The initial line-up of the new Engel Electric Tiebarless will be available early in 2001 in clamp tonnages of 60, 110 and 165 tons.


JSW Plastics Machinery’s new J-200 EL II Electric Servo Drive molding machine incorporates the Die Slide Injection Molding System which makes it possible to produce completely closed hollow products.

Typically, hollow products are produced by methods that include gas injection, blow molding, “lost core” or some secondary process such as bonding. JSW’s Die Slide Injection Molding System uses molds that have one half fixed to the machine’s movable platen. The other half of the mold has an element fixed to the stationary platen. In between them is the movable slide mold, driven by a hydraulic cylinder. One mold has a separate cavity and core of the product to be molded. The slide mold is constructed as a mirror image of the other half. Plastic is injected into the cavities to form separate halves of the product. The mold is then opened and the die slide hydraulic mechanism moves the slide mold so each half of the part is opposite each other. The mold is then closed to join the separate, semi-molded halves into a finished product.

JSW says the technology is capable of producing hollow products with uniform and accurate wall thickness. Secondary operations can be eliminated; as well, products with internal ribs and bosses can be produced.


A small, versatile underwater pelletizing system that generated a lot of interest at Farrel’s NPE booth was developed in conjunction with a Canadian company. TDS Technologies Inc. designed the pelletizer with input from Farrel, and manufactures the units at the TDS plant in Delta, B.C. Farrel has responsibility for marketing the pelletizers.

TDS president Kelly Ready says the Hydron pelletizer is suitable for many resins, including polypropylene, which other units of this size are not able to pelletize. Farrel’s Mike Hotchkiss explains that the benefits of the Hydron pelletizer are due to the heating technology for the die plate. A combination of coil and rod heaters near the die holes provide the most concentrated die heating system yet developed, reports Farrel.


RTP Company has introduced a family of specialty conductive thermoplastic compounds based on hollow carbon nanotubes, structures thousands of times smaller than carbon fibers. Nanotube compounds (NTCs) are said to deliver uniform and precise surface resistivity throughout a resistivity spectrum ranging from ESD to strong anti-static-typically 104 to 109 ohms/sq. in.

The nano-scale size of the carbon tubes achieves a high aspect ratio, providing conductive properties at very low loadings. To obtain similar conductivity using traditional additives such as carbon fibre or carbon black requires higher loadings that may affect properties such as strength and impact, processing and surface finish.

RTP, the first company to commercialize inherently conductive compounds, says NTCs are ideally suited for wafer processing, disk-drive components and clean room applications. They provide static discharge protection in applications such as automotive fuel system components. The conductivity of NTCs also make them suited for electrostatic painting of automotive interior and exterior parts without using a conductive primer.
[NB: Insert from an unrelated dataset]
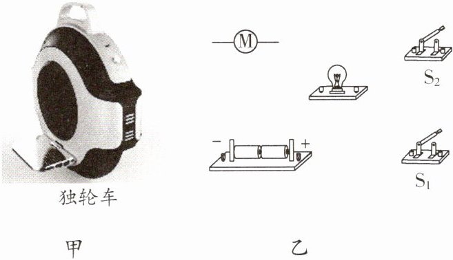 15.(新编)如图甲所示的电动独轮车,当电源开关$S_{1}$闭合时指示灯亮起,独轮车处于待机状态,再当人站在独轮车上时开关$S_{2}$自动闭合,电动独轮车中的电动机启动,独轮车开始运动。独轮车中的简化电路如图乙所示,请按独轮车的要求,在图乙中完成电路的连接。

NTCs are currently available in polyolefins, nylons, polycarbonate/ABS, polystyrene, polycarbonate, PBT and other engineering resins.
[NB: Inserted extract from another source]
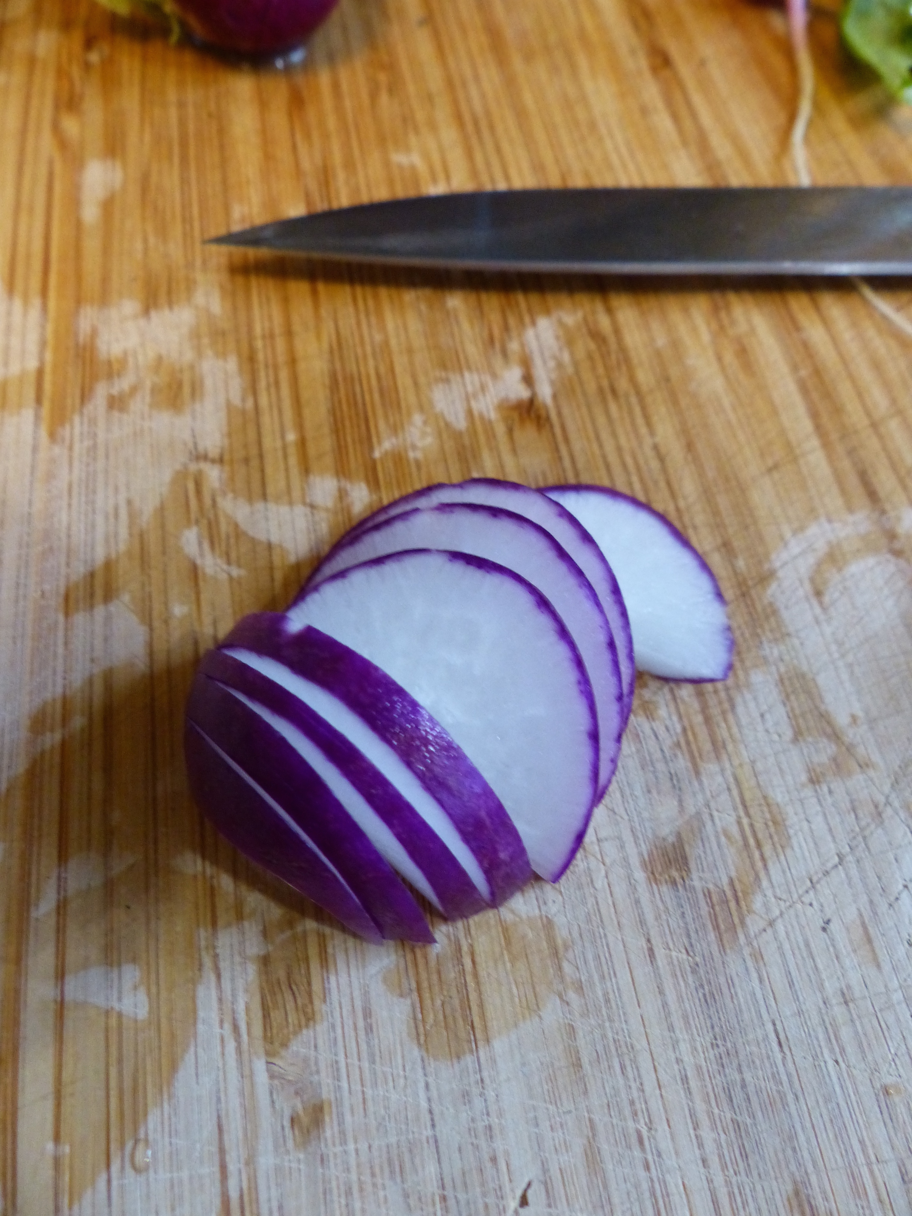 While the asparagus is steaming, thinly slice the radishes.

Conair and Material Enhancement Technology Inc. have joined forces to develop and manufacture a nitrogen gas cooling process for plastic extrusion that has the potential to dramatically increase line speeds while using much less floor space than existing water-based cooling processes.
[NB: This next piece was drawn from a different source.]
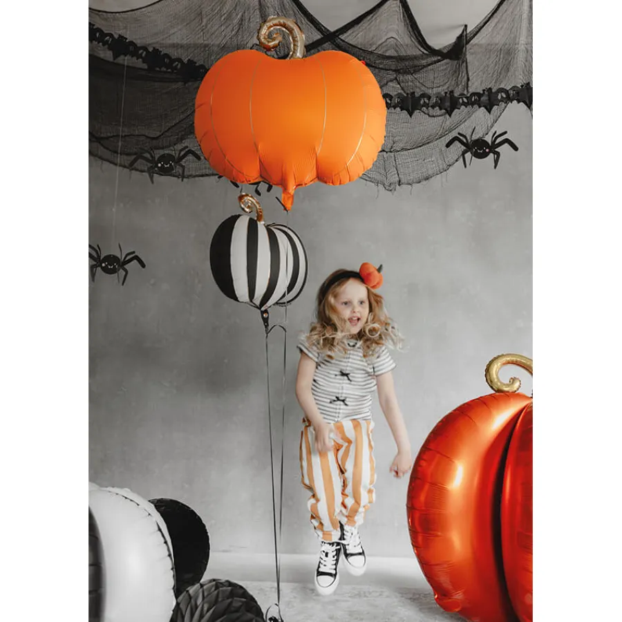 Μπαλόνι foil Κολοκύθα με μπεζ & μαύρες ρίγες και χρυσό κοτσάνι.

Nitrogen gas cooling units have been used successfully to replace or augment water-based cooling in a number of real-world applications over the last year. According to Conair, processors who replaced all sizing and cooling equipment with nitrogen gas cooling technology reported line speed increases of 90 to 200 percent and a tremendous reduction in required floor space.

In many applications, the nitrogen gas cooling system will have several
zones, each with its own temperature controller to maintain the temperature of the gas within 1 F of setpoint. High-velocity blowers circulate the gas around the hot extrusion at rates up to 2000 cfm.

Gas cooling does not affect material properties of the plastic, and the process is compatible with existing extrusion lines.